SOUTH SEA SURETY AND INSURANCE CO., INC. Represented by ROLANDO E. PALAD, President/COO Petitioner Versus EVANGELINE CRISOSTOMO-ESCOBILLO Insurance Commissioner Respondent

C.A..-G.R. No. __________ For Certiorari, Prohibition Mandamus and Injunction with Prayer for the Issuance of Temporary Order and /or Writ of Preliminary Injunction

COMMENT
PUBLIC RESPONDENT, by counsel unto this Honorable Court, respectfully state:

THE PARTIES
Petitioner is an Insurance Company represented herein by its Executive Vice-President, ROLANDO E. PALAD, with office address at Suite 1708 & 1709 East Tower, Philippine Stock Exchange Center, Exchange Road, Ortigas Complex, Pasig City.
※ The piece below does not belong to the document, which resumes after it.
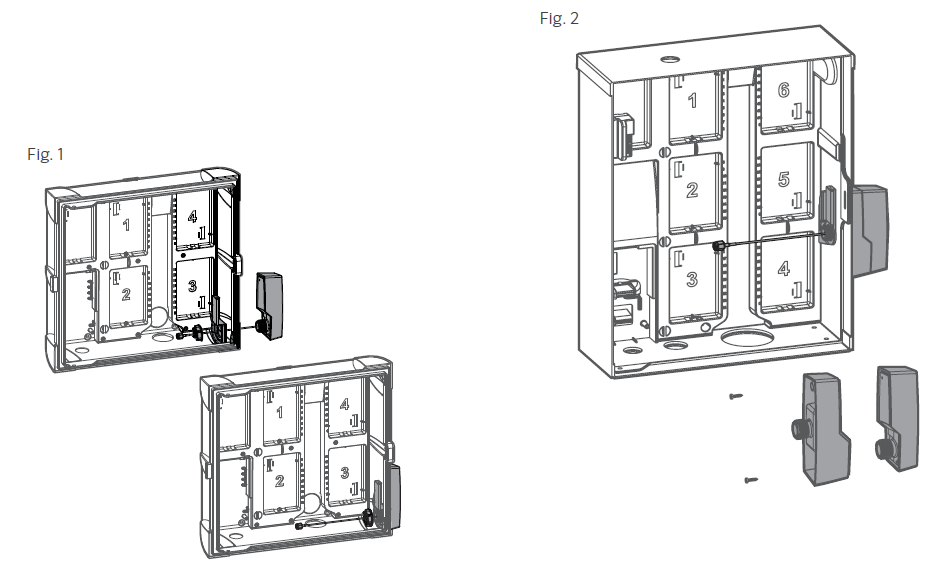 - Pour les installations de programmateurs ICC2 en plastique, ouvrez l'ouverture défonçable située dans le coin inférieur droit du boîtier du programmateur (voir fig. 1). Pour les installations de programmateurs ICC2 en métal, retirez le bouchon en caoutchouc situé sur le côté droit du boîtier.

Respondent EVANGELINE CRISOSTOMO ESCOBILLO is being sued in her capacity as Insurance Commissioner, Insurance Commission, Manila, and may be served with summons, writs and processes by this Honorable Court at 1071 United Nations Avenue, Manila.

STATEMENT OF THE FACTS AND OF THE CASE


Herein Respondent hereby admits the Petitioners allegations in the Statement of Facts except for the last sentence of paragraph 7, where South Sea Surety & Insurance Corporation alleges that no new conservator or conservators may be appointed as this is only an opinion and not a fact.

ARGUMENTS
I. THE HONORABLE COMMISSIONER DID NOT COMMIT ERROR IN ORDERING THE PETITIONER TO CEASE AND DESIST FROM TRANSACTING BUSINESS.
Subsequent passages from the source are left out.